From the line that contains "За Божественной литургией" down to the final line below, please repeat each line exactly and nothing more, with no pictures.

BEGIN Dataset extract

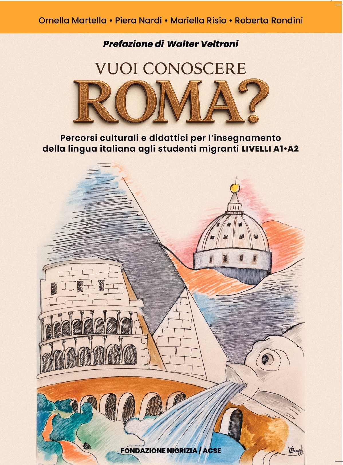 In 150 pagine propone percorsi culturali e didattici per l’insegnamento della lingua italiana agli studenti migranti di livello A1-A2. Bellissime le foto dei monumenti e delle vie di Roma. Altrettanto magnifica è la prefazione di Walter Veltroni che riportiamo di seguito.
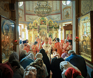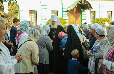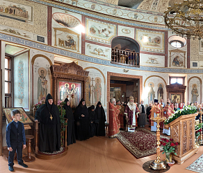 За Божественной литургией Его Высокопреосвященству сослужили клирики обители и приглашенное духовенство.
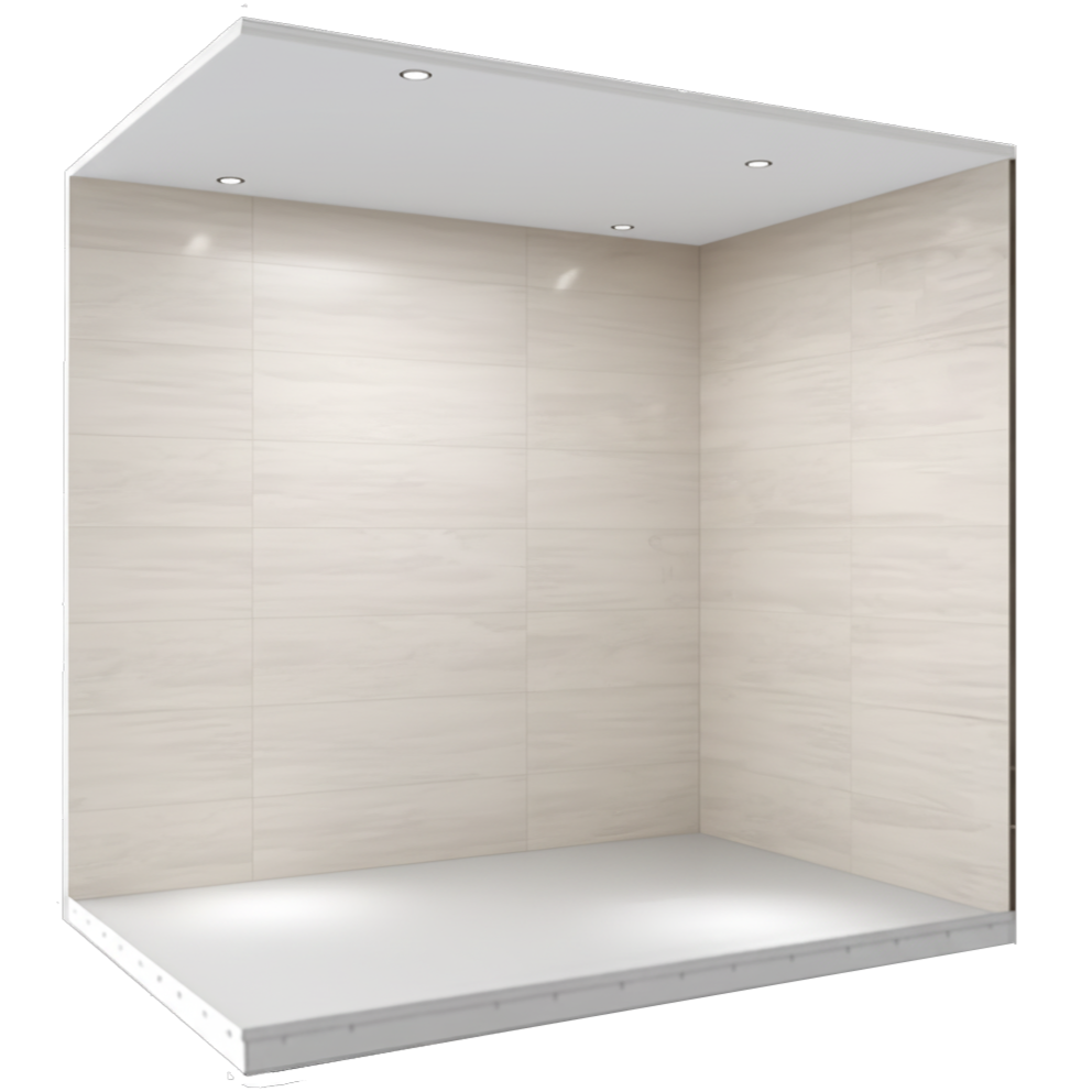 With our shell-only option, we supply just the bathroom enclosure (walls, floor, ceiling & shower doors) along with the inwall and underfloor plumbing.

END Dataset extract

◆ Your response
 За Божественной литургией Его Высокопреосвященству сослужили клирики обители и приглашенное духовенство.
 With our shell-only option, we supply just the bathroom enclosure (walls, floor, ceiling & shower doors) along with the inwall and underfloor plumbing.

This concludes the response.